Who's to blame? Many researchers placed the blame on xAI and the chatbot's developers. They wonder what values were included in Grpok's training, causing the chatbot to act in that manner and shaping its behavior. Some argue that the developers intentionally made the AI bot "problematic" by training it not only with reliable sources but also with X posts, which explains why Grok has been reported to check Elon Musk's views on controversial topics. A Business Insider investigation also revealed that the chatbot holds strong right-wing beliefs rather than a neutral stance on many political or important issues.
Grok's controversial tweets highlight a deeper ethical issue, sparking further debate about whether AI companies should be explicitly ideological about it or maintain the appearance of neutrality while secretly embedding their own values. The real lesson Grok teaches is the value of honesty and transparency in AI development. As these systems become more powerful and widespread, the question is no longer whether AI will reflect human values, but whether businesses will be open about whose values they are encoding into the chatbots and why.
Every major AI system will always reflect the creators' worldview. Grok differs from other AI chatbots in that it is already known to have been designed with Elon Musk's perspectives in mind, so when something controversial occurs, we know why. Meanwhile, when other AI chatbots malfunctioned, we were left guessing whether it was due to leadership views, corporate risk aversion, regulatory pressure, or simply an accident. In an industry built on the myth of neutral algorithms, Grok reveals what has always been true: there is no such thing as unbiased AI; there is only AI with biases that we can see to varying degrees.

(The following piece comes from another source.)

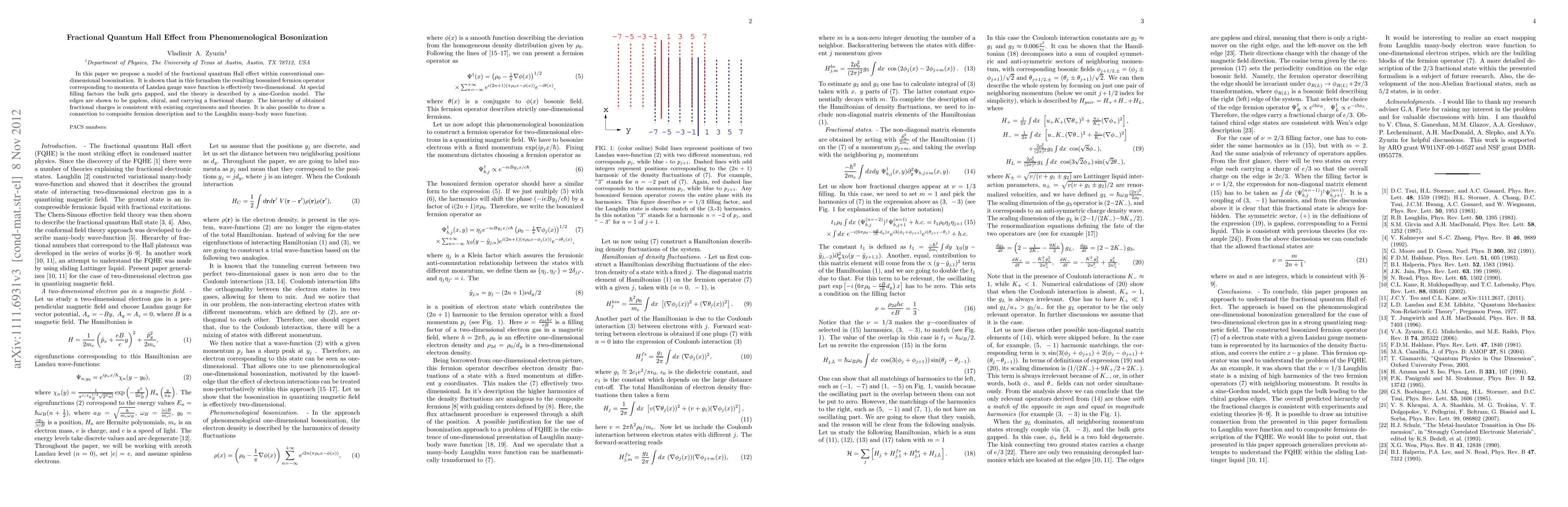 This paper proposes a model of the fractional quantum Hall effect using one-dimensional bosonization, demonstrating that the bosonized fermion operator behaves like a two-dimensional entity. The model shows gapped bulk at specific filling factors and describes edges with chiral, gapless, and fractionally charged states, consistent with experimental observations and composite fermion theory.

The Grok incident has heightened many people's concerns about AI development. There is a greater risk that incorrect AI development will result in more "humanness," which is not always desirable, especially if it proves problematic and contentious. Let’s hope that future AI chatbot development is more transparent and protected by better security and training in order to avoid similar problems that could have positive rather than negative impacts.